Is it moral to force someone ...[insert anything here...]?
Always ... Always No. Forcing someone against their will sexually is rape. Forcing something physically against their will is abuse. Forcing something mentally against their will is mind control. Whatever it is... it's a form of control and is usually thought to be morally wrong.


Your post has nothing to do with mine; it ignores my points to make your own. Yet...

I wrote "force someone to make a choice without first..."

That is a significant and substantial qualifier in the word "choice"-- and hardly the equivalent of your claim of "rape." That sort of rhetoric is emotional hostility and intellectual violence on your part, not on mine. In your model, asking someone if they would want to have sex is equivocal to "raping them."

There are many imperative choices in life, and I am not willing to concede that what one does about matters of the soul is not an internal imperative which may recur in one's life, and certainly not conceding that for another to point it out is somehow immoral. Surely you are not saying that no choice is imperative?

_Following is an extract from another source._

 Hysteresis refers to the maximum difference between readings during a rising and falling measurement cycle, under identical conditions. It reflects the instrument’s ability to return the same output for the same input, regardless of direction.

Yet, you seem to be claiming that no one has the right to even ask anything of another, and if they do, then that is violence. Good luck with that-- you are going to need it.



But on the other hand, one might argue that to have morals one must have some kind of faith in something or standards in something. Something that would keep them from behaving in a forceful way towards another human being.

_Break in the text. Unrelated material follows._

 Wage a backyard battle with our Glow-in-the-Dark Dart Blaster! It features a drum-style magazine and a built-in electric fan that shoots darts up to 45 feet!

I could be way off on this, but that's my gist and my opinion. What do you think about the more generalized view of morality and being forced to do something against your will?


As in the (mostly false) claim that "You cannot legislate morality?"

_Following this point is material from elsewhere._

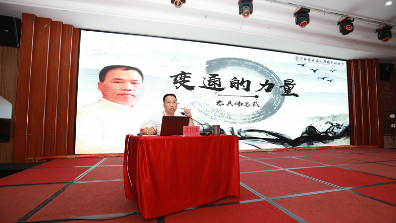講堂上,龍其偉總裁引用《周易》中的經典名句“窮則變、變則通、通則久”開篇,結合自身的經歷及華業(yè)集團的發(fā)展歷程,講述了華業(yè)集團在面對困境和機遇時,如何利用變通的力量在危機中抓住機遇、打開局面,深刻闡述了“變通的力量”在工作和生活中的重要意義。

Of course, all authorities do exactly that-- legislate morality-- or at least ethics. Taxes are an ethical matter since they are about the redistribution of wealth or property. Murder is an ethical matter, universally legislated against. The difference between ethics and morals is that the former is external and the latter is an internal matter of conscience.




Speaking of forcing, technically being Christian or choosing to be Christian is giving up your free will. A gift from a God that you believe in so that you can choose to follow him freely, but after you make that choice your free will is more than likely null and void due to the strict guidelines of maintaining Good Standing status with your God and your Faith and your Church, etc etc.


Really? I have not noticed free will or free choice diminished in the least-- I just have different choices (and perhaps a different will) than those who do not share the faith I hold as true.

"Good Standing?" That seems rather alien as to thought for me.

My relationship with my Dad was not propelled by a desire to stay in "good standing" with him-- but choices sometimes brought such a thought to mind-- "would Dad be pleased or upset or neutral?" That was especially so as I was young and unfamiliar with the scale of effects of my choices on others and on my own self.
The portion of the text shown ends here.